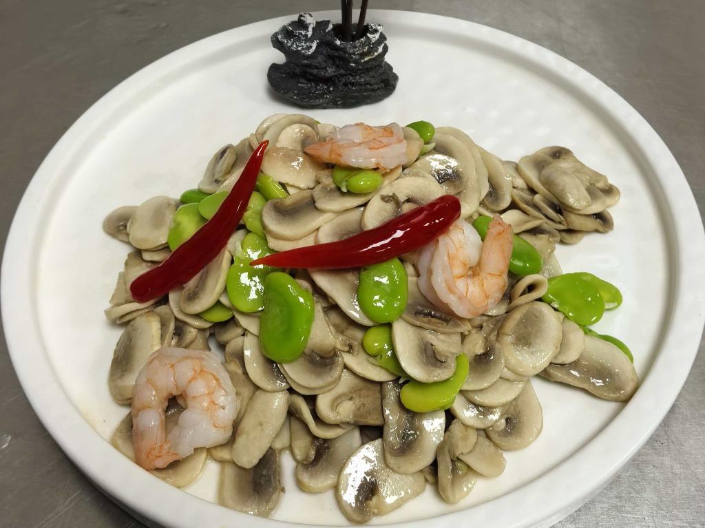 鲜蚕豆炒口蘑,植物蛋白丰富,高营养、低热量
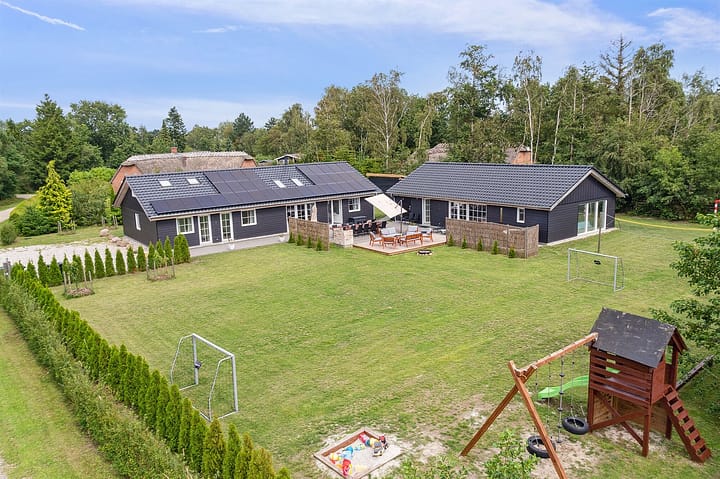 Vakantiehuis is geschikt voor 16 personen. 5 van de slaapplaatsen is alleen geschikt voor grotere kinderen (4-11 jaar). De vakantiewoning heeft een oppervlakte van 280 m2 en is gebouwd in 2019. Het is niet toegestaan om huisdieren mee te nemen. De vakantiewoning is uitgerust met 2 energiezuinige lucht-naar-lucht-warmtepompen. Er is Zonne-energie. Er is vloerverwarming in het hele huis. De vakantiewoning heft Wasmachine. Wasdroge. Vriezer capaciteit van 100 liter. Er is daarnaast houtkachel. Voor de kleintjes 1 stukken Kinderstoel.De vakantiewoning is gelegen op een 2099 m² groot natuural grond. Afstand tot de zee 900 m. Dichtstbijzijnde winkel 2000 m. Bij de vakantiewoning hoort terras. Schommel. Zandbak. Voetbaldoel.Vuurplaats. Er is een overdekte, gemetselde barbecue beschikbaar. Parkeerplaats bij het huis.Het binnenzwembad biedt de gelegenheid om heerlijk te spelen en gezellig samen te zijn. Het zwembad is 3,5 m breed, 8,5 m lang en tot 1,45 m diep. Het water heeft een temperatuur tussen de 24 en 28 °C. Het binnenzwembad heeft een tegenstroominstallatie. Er is vloerverwarming in het zwembadgebied.Tafelvoetbal. Er zijn in totaal 5 slaapkamers. De slaapplaatsen zijn als volgt verdeeld: 4 slaapplaatsen in tweepersoonsbedden. 11 slaapplaatsen in eenpersoonsbedden. 1 slaapplaats op matras.- 5 van de slaapplaatsen bevinden zich op de zolder van het huis in stapelbedden, en 1 slaapplaats bevindt zich op de zolder in een van de slaapkamers. Verder sijn ook 2 stukken kinderbed ter beschikking.De keuken is uitgerust met 2 koelkasten Er is 6 inductiekookplaten, heteluchtoven, magnetron en vaatwasser. Er is 3 badkamers met douchehok en 3 toiletten De sauna biedt de gelegenheid tot ontspanning.Er is de mogelijkheid tot ontspanning in zowel de indoor stilstaande water spa voor 6 personen als de indoor spa met doorstroom voor 2 personen. Daarnaast is er een outdoor hot tub voor 6 personen waar je kunt genieten van wellness onder de open hemel. In de vakantiewoning is aanwezig 1 smart-tv. Playstation4. 1-3 deense zenders. 1-3 sweedse zenders. 1-3 noorse zenders. 1-3 duitse zenders. Draadloos internet.
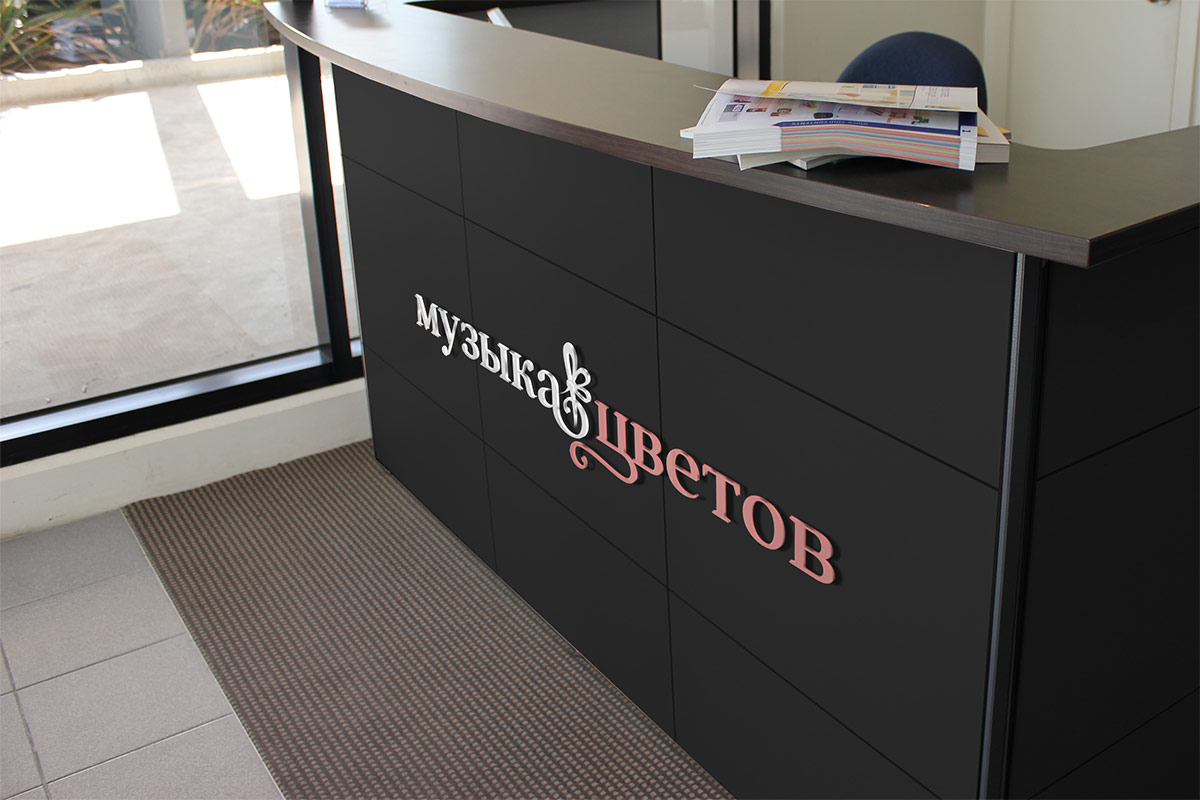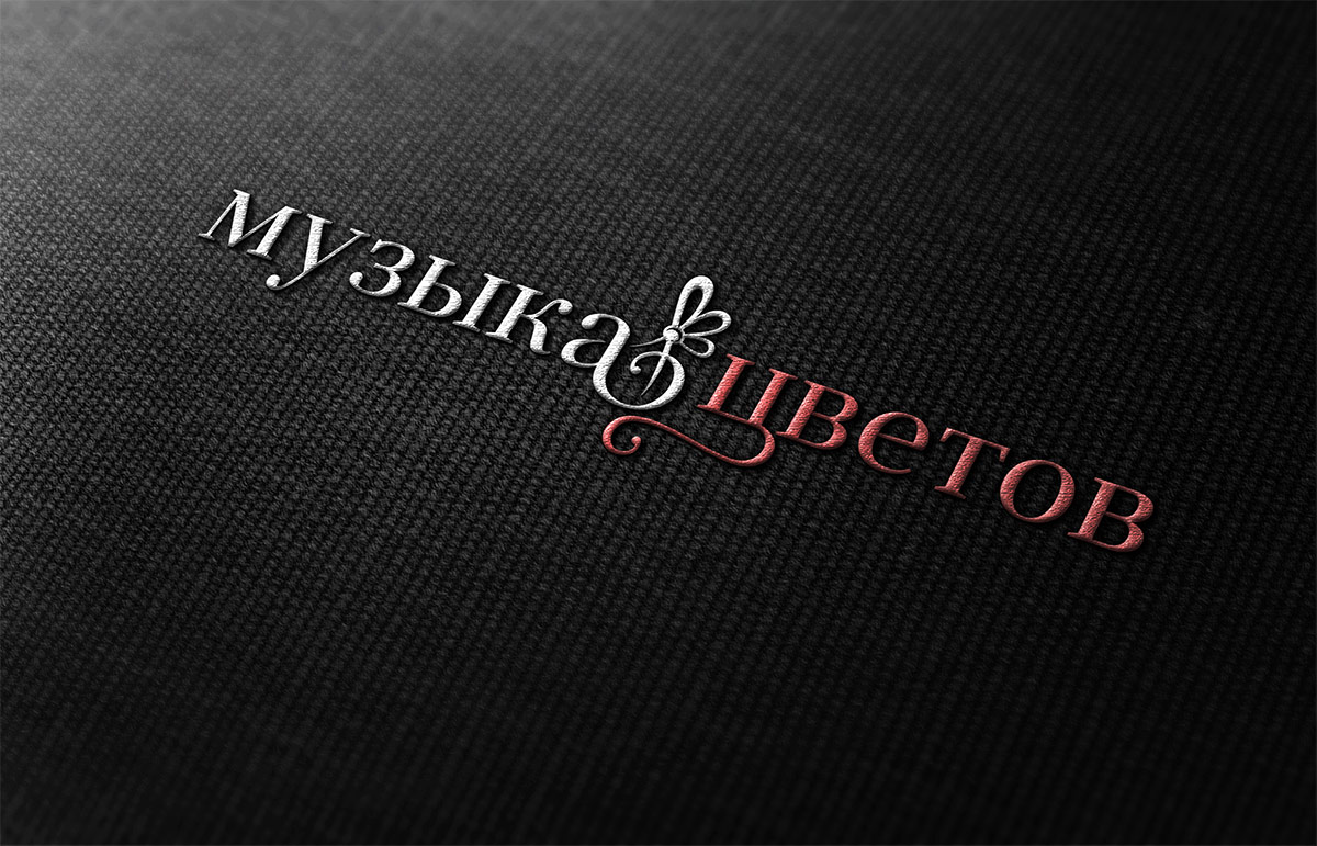 Шрифтове написання назви “МУЗИКА КВІТІВ” розроблено дизайнерами нашої студії та виконане у строгому стилі.
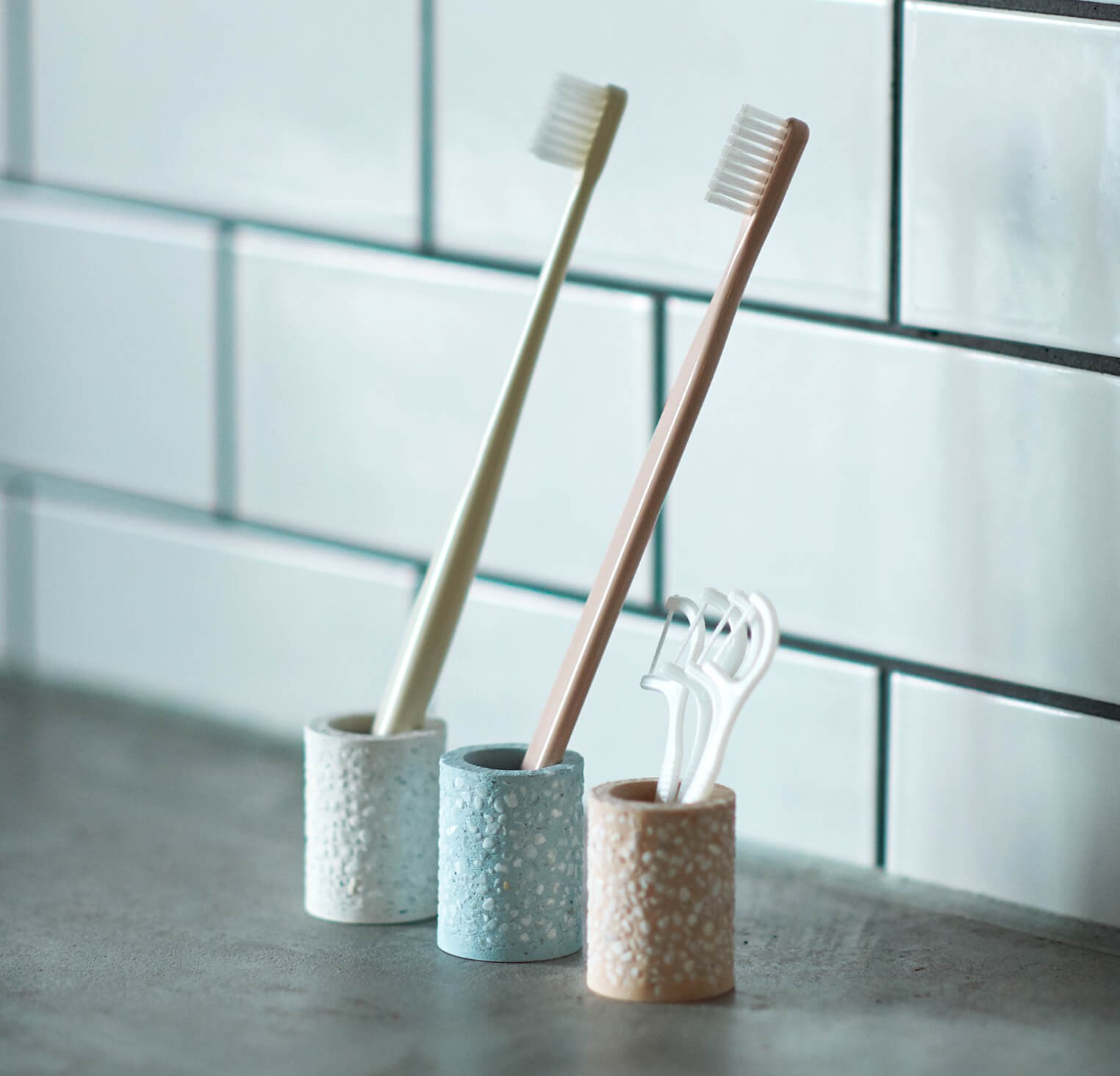 歯ブラシの水気を吸水し、洗面まわりを清潔に保つ1本用歯ブラシスタンド。小石+珪藻土のデザインがどこか懐かしい風合いです。
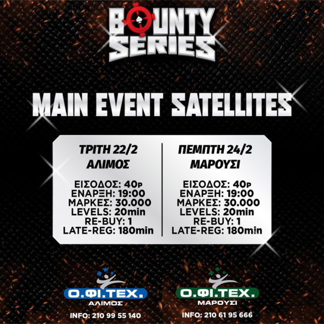 Την ευκαιρία να εξασφαλίσετε από τώρα την συμμετοχή σας στο main event (45.000p gtd) της Bounty Series σας δίνει σήμερα ο προκριματικός του Αλίμου, ενώ αντίστοιχο satellite θα λάβει χώρα και την Πέμπτη στο Μαρούσι!
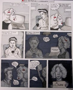 Another project was the “Comic Strip.” Students were to choose a current issue discussed in the news and create a 6-10 panel comic strip illustrating that issue. They had to design a main character and supporting characters for the comic strip.
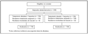 Grupo alteplasa + heparina: administración de 100 mg de alteplasa (bolo de 10 mg seguido de 90 mg en infusión durante 2 h).
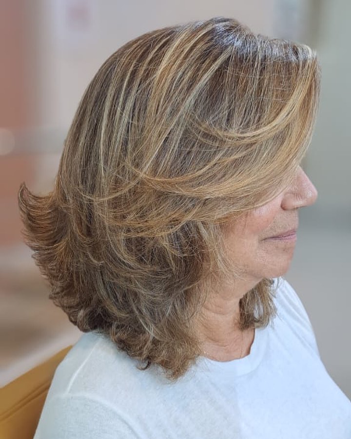 As you get older, your hair naturally loses volume and color, but with feathered layers like these and the right color, you can embrace a whole new hairstyle — one that makes you look current and classy.
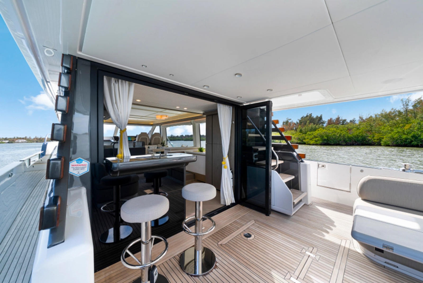 Fantastic cockpit area with added ice maker and a large table for alfresco dining.
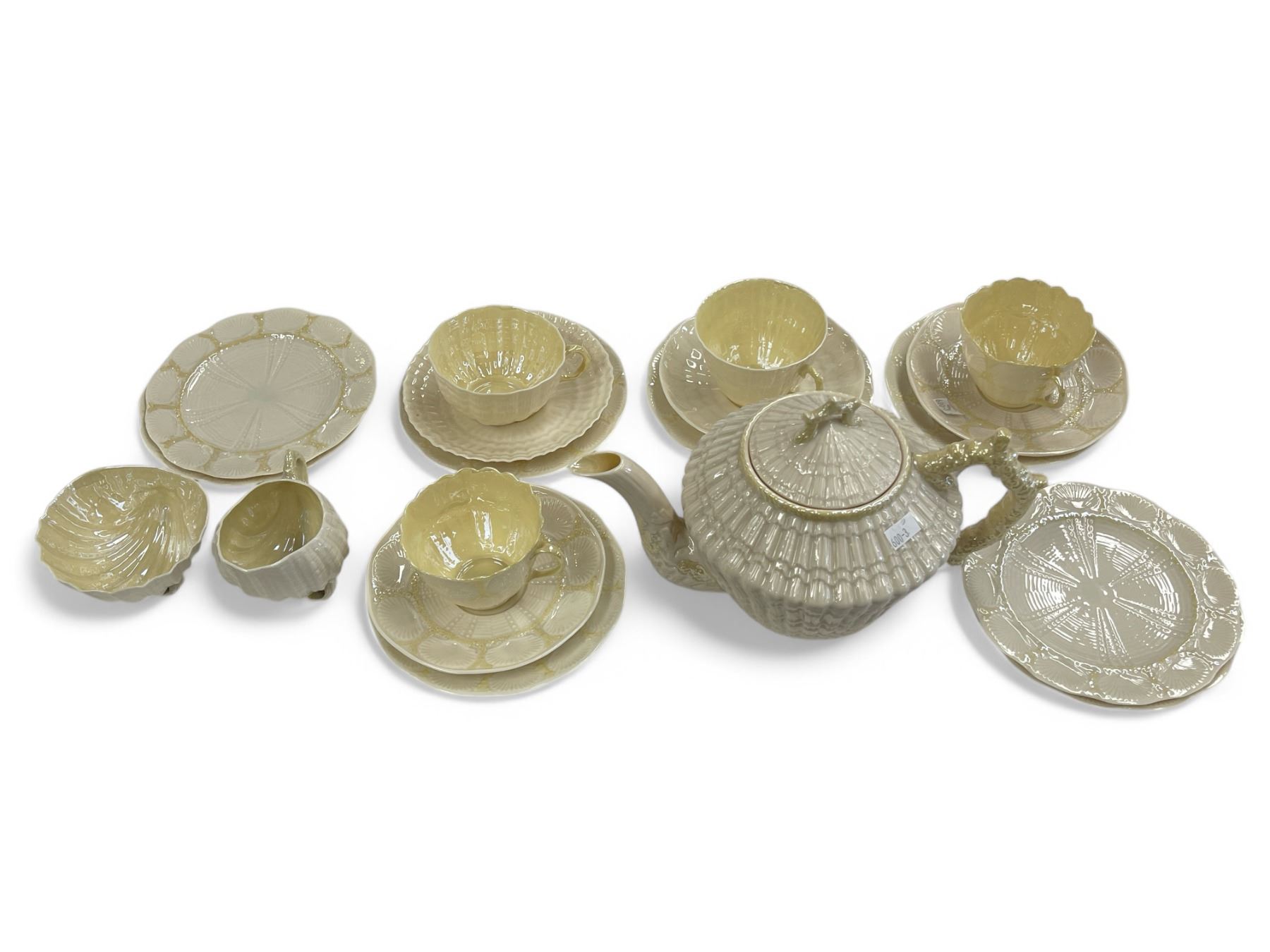 19pcs Of Vintage Belleek Dishware: Teapot, Saucers, Tea Cups, Creamer, Bowl
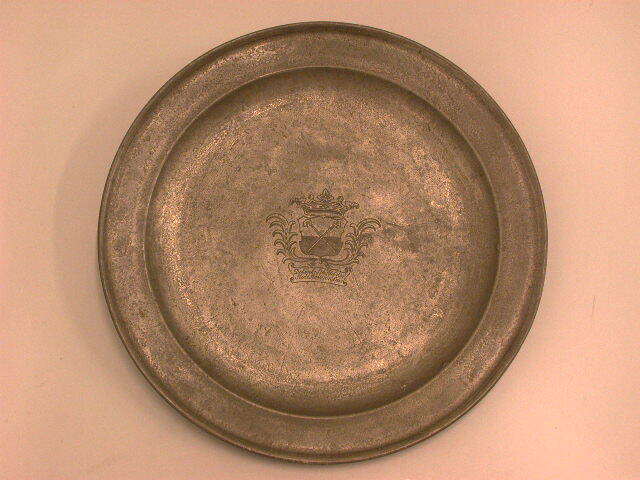 - BeschrijvingHollandse, grote schotel met aan de voorzijde gravering: wapen met tekst: 'De kerkcke Schüttel der Stede Stavoren Aº 1751'. Het gekroonde wapen is geplaatst tussen twee lauwertakken en toont twee gekruiste bisschops- of abtsstaven.
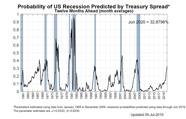 The probability of a recession in the next 12 months rose to 33% in June from 29% in May, according to the New York Fed recession model based on Treasury spreads.
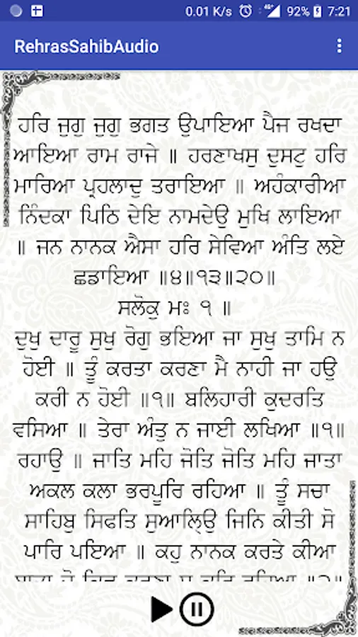 Rehras Sahib Path Audio App in Punjabi, Hindi, English (Gurmukhi) - Sikh Prayer

THE TASK
Write out the material above exactly, and omit the pictures it holds.

OUTPUT OF THE TASK
 鲜蚕豆炒口蘑,植物蛋白丰富,高营养、低热量
 Vakantiehuis is geschikt voor 16 personen. 5 van de slaapplaatsen is alleen geschikt voor grotere kinderen (4-11 jaar). De vakantiewoning heeft een oppervlakte van 280 m2 en is gebouwd in 2019. Het is niet toegestaan om huisdieren mee te nemen. De vakantiewoning is uitgerust met 2 energiezuinige lucht-naar-lucht-warmtepompen. Er is Zonne-energie. Er is vloerverwarming in het hele huis. De vakantiewoning heft Wasmachine. Wasdroge. Vriezer capaciteit van 100 liter. Er is daarnaast houtkachel. Voor de kleintjes 1 stukken Kinderstoel.De vakantiewoning is gelegen op een 2099 m² groot natuural grond. Afstand tot de zee 900 m. Dichtstbijzijnde winkel 2000 m. Bij de vakantiewoning hoort terras. Schommel. Zandbak. Voetbaldoel.Vuurplaats. Er is een overdekte, gemetselde barbecue beschikbaar. Parkeerplaats bij het huis.Het binnenzwembad biedt de gelegenheid om heerlijk te spelen en gezellig samen te zijn. Het zwembad is 3,5 m breed, 8,5 m lang en tot 1,45 m diep. Het water heeft een temperatuur tussen de 24 en 28 °C. Het binnenzwembad heeft een tegenstroominstallatie. Er is vloerverwarming in het zwembadgebied.Tafelvoetbal. Er zijn in totaal 5 slaapkamers. De slaapplaatsen zijn als volgt verdeeld: 4 slaapplaatsen in tweepersoonsbedden. 11 slaapplaatsen in eenpersoonsbedden. 1 slaapplaats op matras.- 5 van de slaapplaatsen bevinden zich op de zolder van het huis in stapelbedden, en 1 slaapplaats bevindt zich op de zolder in een van de slaapkamers. Verder sijn ook 2 stukken kinderbed ter beschikking.De keuken is uitgerust met 2 koelkasten Er is 6 inductiekookplaten, heteluchtoven, magnetron en vaatwasser. Er is 3 badkamers met douchehok en 3 toiletten De sauna biedt de gelegenheid tot ontspanning.Er is de mogelijkheid tot ontspanning in zowel de indoor stilstaande water spa voor 6 personen als de indoor spa met doorstroom voor 2 personen. Daarnaast is er een outdoor hot tub voor 6 personen waar je kunt genieten van wellness onder de open hemel. In de vakantiewoning is aanwezig 1 smart-tv. Playstation4. 1-3 deense zenders. 1-3 sweedse zenders. 1-3 noorse zenders. 1-3 duitse zenders. Draadloos internet.
 Шрифтове написання назви “МУЗИКА КВІТІВ” розроблено дизайнерами нашої студії та виконане у строгому стилі.
 歯ブラシの水気を吸水し、洗面まわりを清潔に保つ1本用歯ブラシスタンド。小石+珪藻土のデザインがどこか懐かしい風合いです。
 Την ευκαιρία να εξασφαλίσετε από τώρα την συμμετοχή σας στο main event (45.000p gtd) της Bounty Series σας δίνει σήμερα ο προκριματικός του Αλίμου, ενώ αντίστοιχο satellite θα λάβει χώρα και την Πέμπτη στο Μαρούσι!
 Another project was the “Comic Strip.” Students were to choose a current issue discussed in the news and create a 6-10 panel comic strip illustrating that issue. They had to design a main character and supporting characters for the comic strip.
 Grupo alteplasa + heparina: administración de 100 mg de alteplasa (bolo de 10 mg seguido de 90 mg en infusión durante 2 h).
 As you get older, your hair naturally loses volume and color, but with feathered layers like these and the right color, you can embrace a whole new hairstyle — one that makes you look current and classy.
 Fantastic cockpit area with added ice maker and a large table for alfresco dining.
 19pcs Of Vintage Belleek Dishware: Teapot, Saucers, Tea Cups, Creamer, Bowl
 - BeschrijvingHollandse, grote schotel met aan de voorzijde gravering: wapen met tekst: 'De kerkcke Schüttel der Stede Stavoren Aº 1751'. Het gekroonde wapen is geplaatst tussen twee lauwertakken en toont twee gekruiste bisschops- of abtsstaven.
 The probability of a recession in the next 12 months rose to 33% in June from 29% in May, according to the New York Fed recession model based on Treasury spreads.
 Rehras Sahib Path Audio App in Punjabi, Hindi, English (Gurmukhi) - Sikh Prayer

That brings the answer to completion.